**Problem:** The data below contains pictures, which are to be skipped; the lines starting at the line with "第13周(5月8日—5月14日)主要会议安排" and ending at the line with "該機在高校老師的提議和支持下" are to be output exactly, both ends included.

**Excerpted data:**
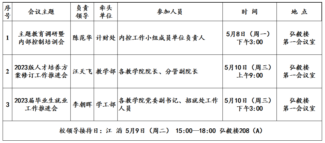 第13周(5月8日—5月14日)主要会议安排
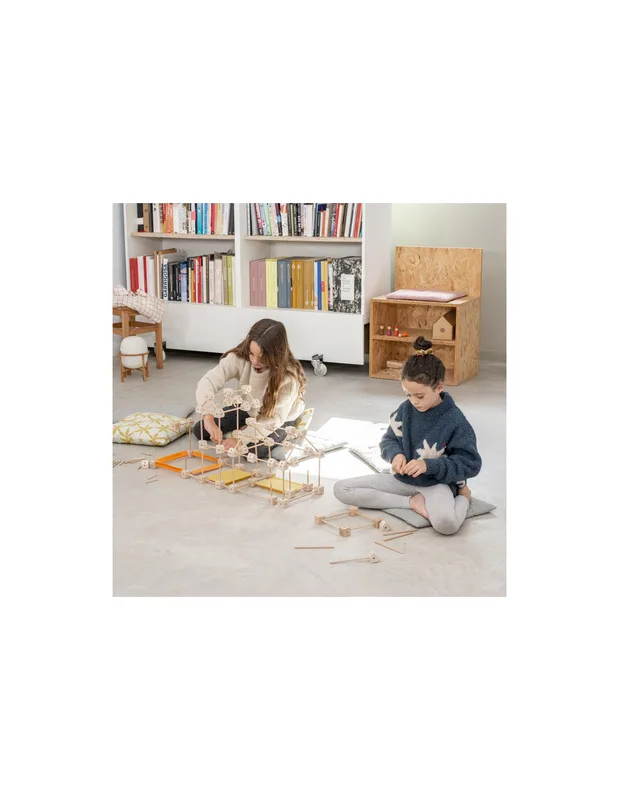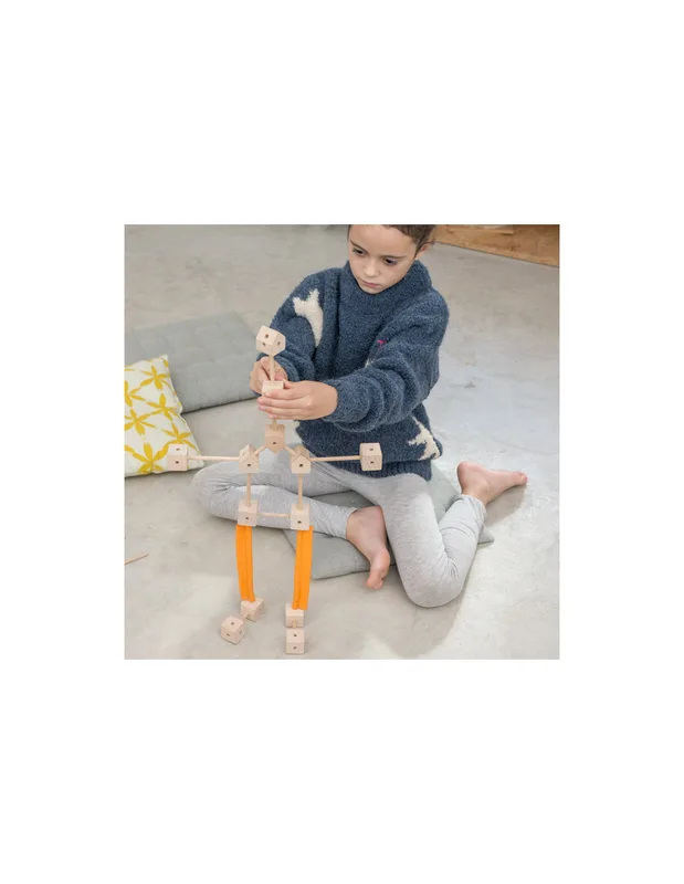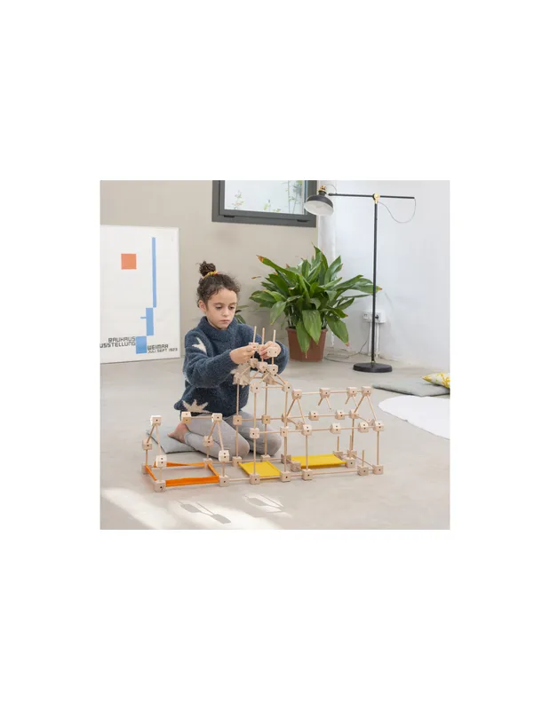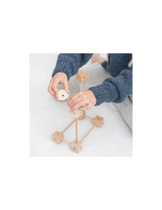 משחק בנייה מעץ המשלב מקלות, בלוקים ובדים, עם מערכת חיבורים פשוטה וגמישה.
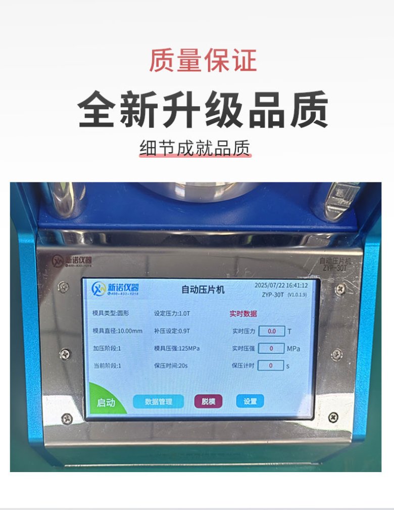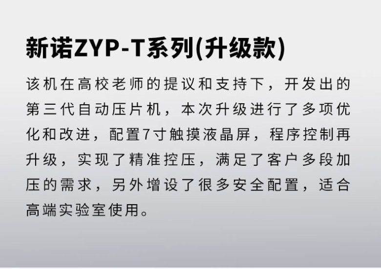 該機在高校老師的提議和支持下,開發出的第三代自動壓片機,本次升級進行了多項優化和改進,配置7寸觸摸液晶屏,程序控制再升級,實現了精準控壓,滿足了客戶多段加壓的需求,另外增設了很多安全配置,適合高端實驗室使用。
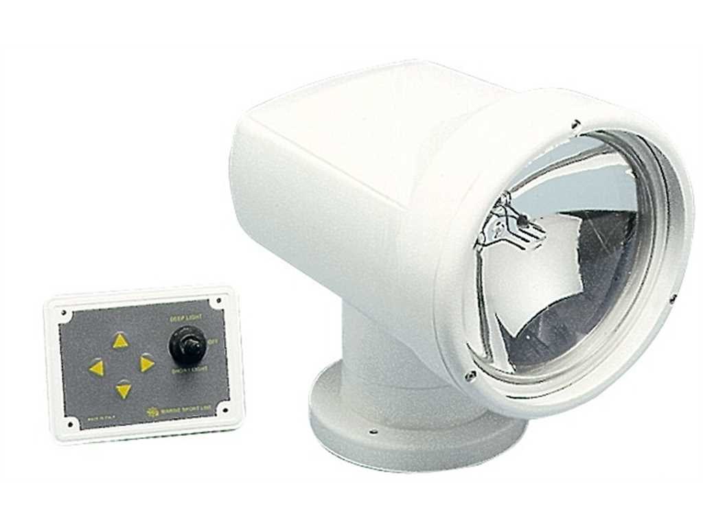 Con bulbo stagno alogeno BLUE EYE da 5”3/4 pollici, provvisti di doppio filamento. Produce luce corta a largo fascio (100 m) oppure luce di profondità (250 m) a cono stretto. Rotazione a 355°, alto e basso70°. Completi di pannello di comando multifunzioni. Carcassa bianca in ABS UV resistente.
---
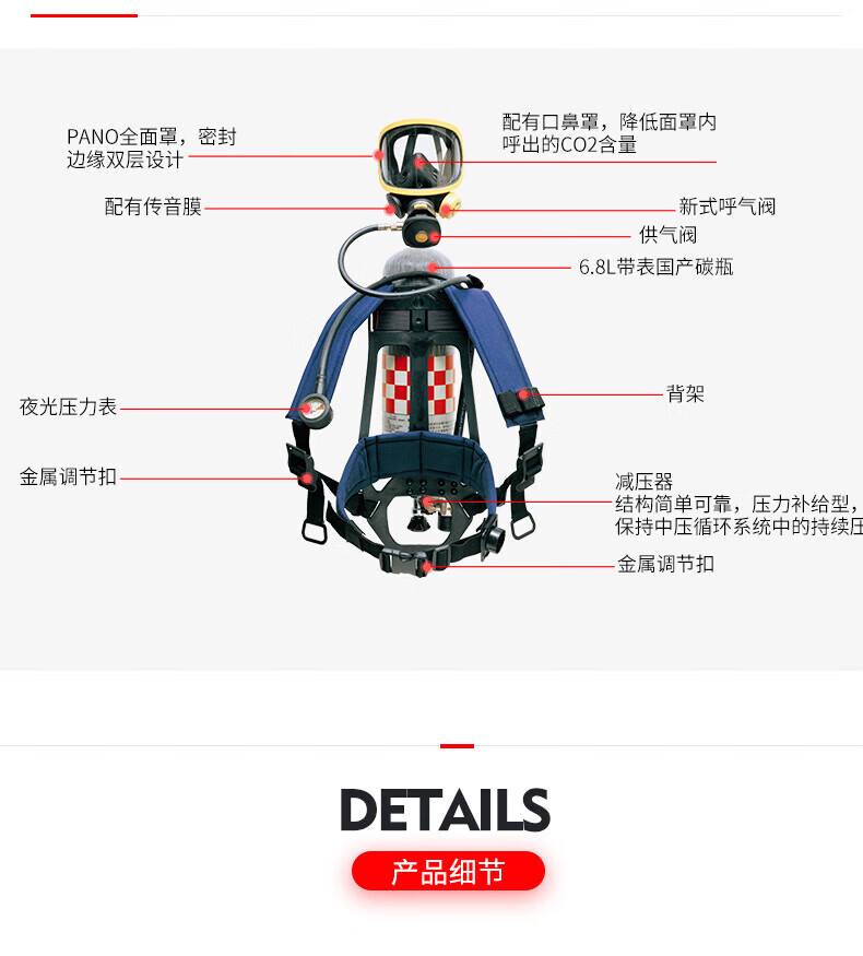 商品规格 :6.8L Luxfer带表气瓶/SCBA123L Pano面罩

**Task output:**
 第13周(5月8日—5月14日)主要会议安排
 משחק בנייה מעץ המשלב מקלות, בלוקים ובדים, עם מערכת חיבורים פשוטה וגמישה.
 該機在高校老師的提議和支持下,開發出的第三代自動壓片機,本次升級進行了多項優化和改進,配置7寸觸摸液晶屏,程序控制再升級,實現了精準控壓,滿足了客戶多段加壓的需求,另外增設了很多安全配置,適合高端實驗室使用。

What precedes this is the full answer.